На следующий день Настасья привела Дуню. Девочка в смущении пряталась за мать. Булат все же рассмотрел ее: круглое личико, румяные щеки, голубые глазки… Татаркой Дуню делал наряд: белая рубашка, широкие красные шальвары, остроконечные туфли – бабуши – на ногах. Русые волосы заплетены были в косички с привешенными к ним мелкими серебряными монетками.

– Дуня, доченька, это дедушка твой. Поговори с ним, – упрашивала мать. – Он добрый, он скоро один у тебя останется…

– А ты уедешь, мама?

– Уеду, доченька, уеду… – с тяжелым вздохом сказала мать. – Далеко уеду…

Вскоре Дуня привыкла к новому дедушке. Настасья недаром торопилась сдружить дочку с Никитой. Дуня стала прибегать к старику одна: мать уже не поднималась.

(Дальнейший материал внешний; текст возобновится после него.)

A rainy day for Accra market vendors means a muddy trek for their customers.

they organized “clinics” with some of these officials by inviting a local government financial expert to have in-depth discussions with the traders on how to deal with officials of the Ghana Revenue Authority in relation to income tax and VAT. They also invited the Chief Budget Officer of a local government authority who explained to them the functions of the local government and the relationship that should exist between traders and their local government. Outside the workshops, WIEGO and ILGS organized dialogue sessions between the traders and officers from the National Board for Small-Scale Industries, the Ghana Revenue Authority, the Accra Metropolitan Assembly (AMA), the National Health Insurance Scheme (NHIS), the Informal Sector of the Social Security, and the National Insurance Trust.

Ни одного близкого человека не было у рабыни Настасьи, и только встреча с Никитой вселила в душу женщины надежду, что Дуня не останется одиноким, заброшенным зверьком в многолюдном дворце Кулшерифа.

* * *

Богатый дворец мусульманского первосвященника более полувека назад поставили самаркандские строители. Плоская крыша обнесена была перилами из точеных столбиков: рабам хватало зимой работы очищать ее от снега. Под крышей шли три ряда карнизов, мягко вырезанных полукруглыми арочками. Ленты цветных изразцов опоясывали дворец. Здание окружали крытые галереи на витых колонках; окна радовали глаз изысканным рисунком узорчатых переплетов, матово-серебристым блеском слюды.

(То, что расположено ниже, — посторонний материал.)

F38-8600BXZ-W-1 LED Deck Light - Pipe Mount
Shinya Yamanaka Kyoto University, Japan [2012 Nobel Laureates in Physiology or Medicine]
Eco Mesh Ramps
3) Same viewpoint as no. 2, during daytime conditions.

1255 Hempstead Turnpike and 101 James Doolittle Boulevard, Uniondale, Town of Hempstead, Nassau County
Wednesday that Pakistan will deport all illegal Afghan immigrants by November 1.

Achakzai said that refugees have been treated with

Дорожки вокруг дома и к воротам вымощены были каменными плитами.

Внутренние стены помещений индийский художник украсил глазурью: по синему полю переплетались кисти винограда с золотыми лотосами. Высокие белые потолки отделаны были прекрасной лепкой – работа пленных персидских мастеров.

Туркменские ковры висели по стенам, лежали на каменных полах, скрадывая шаги. Шелковые бухарские занавеси огораживали уютные уголки. Там, сидя на подушках, удобно было вести тайные разговоры, но лишь тишайшим шопотом: среди слуг немало было соглядатаев, передававших управителю Джафару все, что делалось и говорилось во дворце сеида.

В приемной Кулшерифа-муллы с утра собирались посетители. Оставив сапоги у входа, мягко ступали по ковровым дорожкам степенные муллы в зеленых халатах. Они спешили засвидетельствовать почтение Джафару-мирзе.

Джафар-мирза, горбун с уродливым туловищем, с длинными сильными руками, выслушивал комплименты с самодовольной улыбкой на лице, сильно тронутом оспой.

Приходили к Кулшерифу-мулле и светские посетители. Первосвященник Казани был вторым по значению лицом после хана. В дни междуцарствий сеиды не раз брали в свои руки управление государством. Сеид являлся главным советником царя, ни одно важное мероприятие не совершалось без его одобрения. Много сокровищ скопил Кулшериф-мулла: сеида щедро одаряли все, кто хотел заручиться его покровительством.

Проводив последнего посетителя, Джафар-мирза на цыпочках вошел к сеиду, ведя Никиту.

Среднего роста, полный, с длинной седеющей бородой, имам[80] Кулшериф сидел на подушках, поджав ноги по восточному обычаю.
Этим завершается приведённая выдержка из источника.